S’adressant à Middle East Eye cette semaine, il s’est montré optimiste quant aux intentions de Ben-Gvir concernant la mosquée al-Aqsa, notamment l’ouverture de celle-ci aux prières du shabbat et l’annulation de la règle qui n’autorise les Juifs à visiter le site que dans le cadre de visites de groupe organisées.
"Je ne m’attends pas à une annexion à grande échelle puisque Bibi ne le souhaite pas vraiment ", a-t-il déclaré à MEE, en utilisant un surnom courant pour Netanyahou.
"Je m’attends à de véritables changements dans la zone C, où les gouvernements précédents de Bibi ont permis aux Palestiniens de construire et où les colonies juives pouvaient à peine s’étendre" a-t-il soutenu, malgré les dizaines de milliers de nouvelles maisons de colons construites en violation du droit international et les maisons, écoles et hôpitaux palestiniens régulièrement démolis.
"En tant que processus cumulatif, cela signifie effectivement l’annexion. Ces deux ministres, Ben-Gvir et Smotrich, viennent mettre en œuvre de sérieux changements. La seule question est : Bibi leur permettra-t-il de faire ce qu’il leur a promis dans les accords qu’il a signés ? Je sais qu’ils ont tendance à en douter".
Dans un document publié par l’Institut d’études de sécurité nationale la semaine dernière, Dekel évoque les répercussions possibles d’une future annexion.
Selon lui, le fait d’appliquer la loi israélienne en Cisjordanie et de transférer le pouvoir sur celle-ci du ministère de la Défense à un ministère civil suscitera une condamnation et un examen approfondi internationaux, et renforcera la caractérisation d’Israël comme un régime d’apartheid.
"Ces affirmations seront ancrées dans l’avis juridique de la Cour internationale de Justice et serviront d’arme supplémentaire dans la campagne internationale anti-israélienne", a-t-il écrit.
Le député travailliste Nachman Shai, ministre sortant des affaires de la diaspora, ajoute une autre perspective. "A l’heure actuelle, les communautés juives d’Amérique s’inquiètent surtout des conséquences que la politique du nouveau gouvernement aura sur elles directement, comme les changements en attente dans la loi du retour ou les ministres nouvellement nommés qui considèrent les Juifs réformés - le mouvement auquel appartiennent la plupart des Juifs américains - comme n’étant pas des Juifs du tout", a-t-il déclaré à MEE.

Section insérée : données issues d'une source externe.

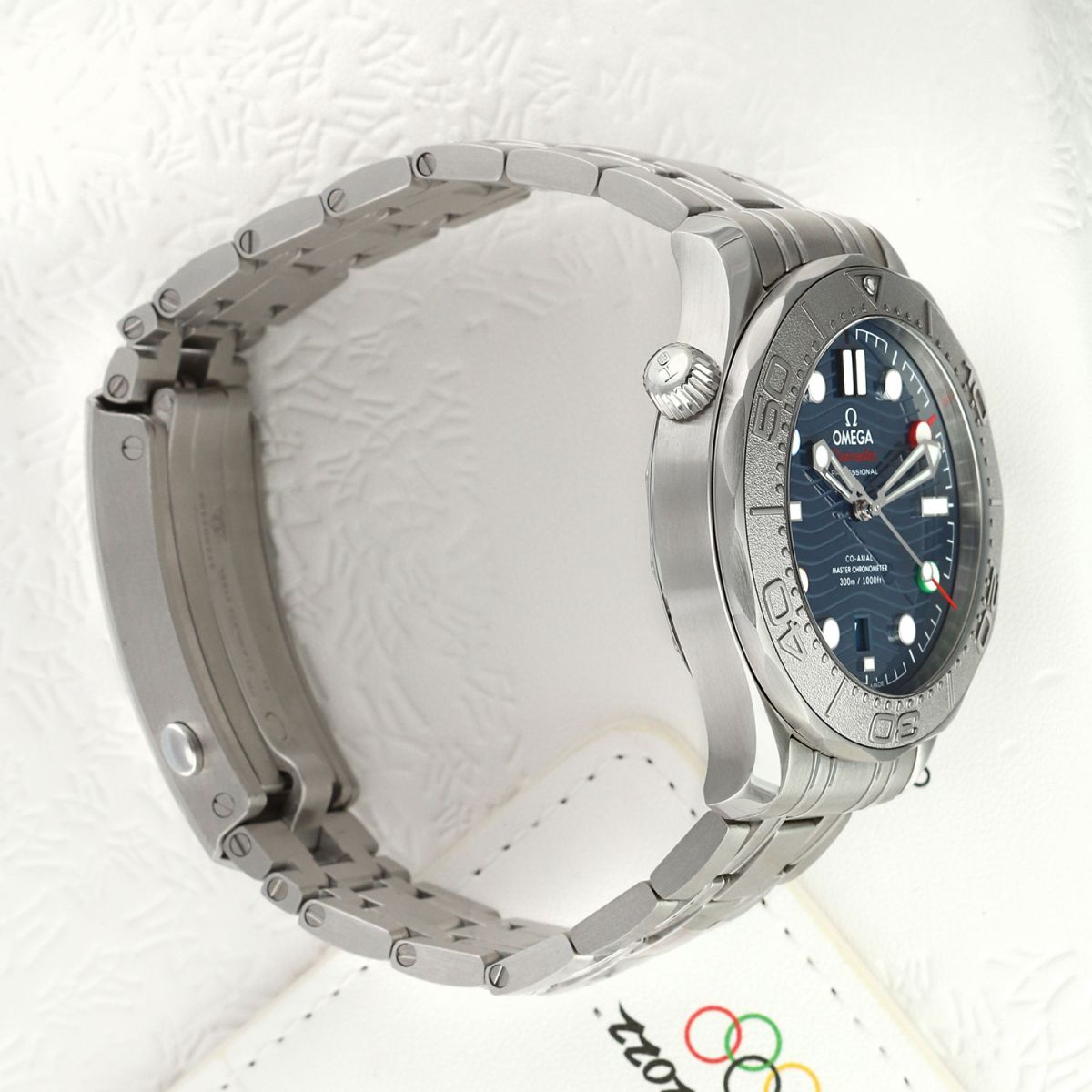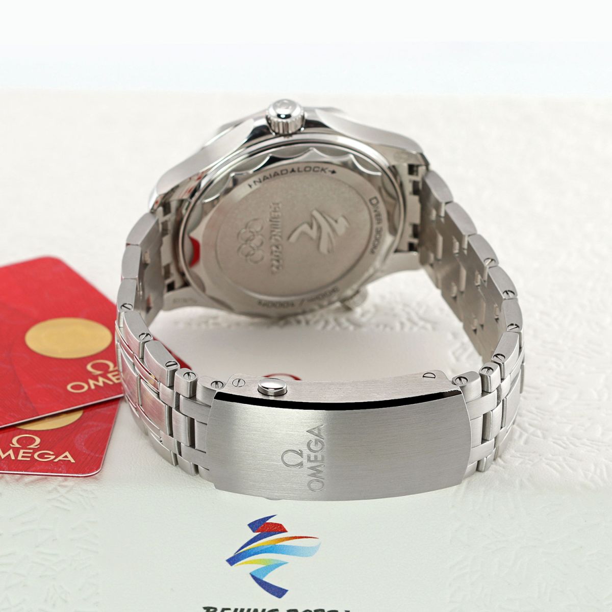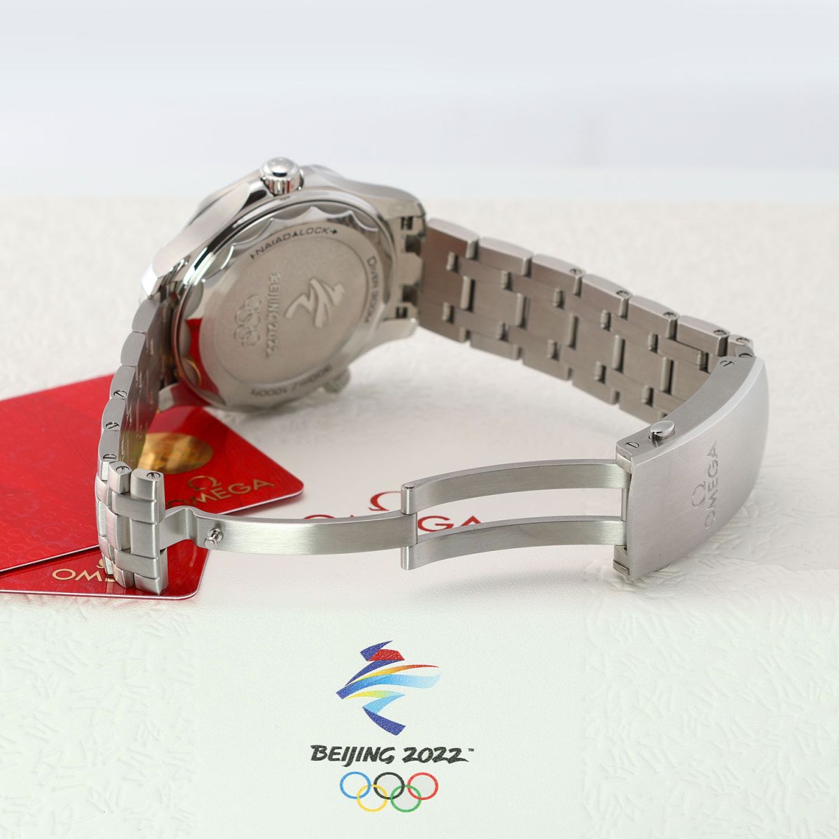 Olympic Winter Games Beijing 2022 special edition. Features a grade-5 titanium bezel & solid case back with an embossed Beijing 2022 Olympics logo. The dial features black (12), red (2), green (4), yellow (8) & blue (10) hour markers, the colors of the Olympic Rings. Delivered in a special presentation box.

Cette colère est actuellement passive, a-t-il ajouté. Mais elle pourrait se traduire par une opposition plus problématique pour Israël : encourager les États-Unis à ne plus protéger le pays à l’ONU, voire à soutenir des sanctions pour l’annexion.
"Dans les nouvelles circonstances, je ne les vois pas manifester en faveur d’Israël ou impliquer leurs représentants au Congrès ou agir contre la politique de leur administration. Ils ne rejoindront peut-être jamais BDS - mais ils ne le combattront pas", a-t-il déclaré.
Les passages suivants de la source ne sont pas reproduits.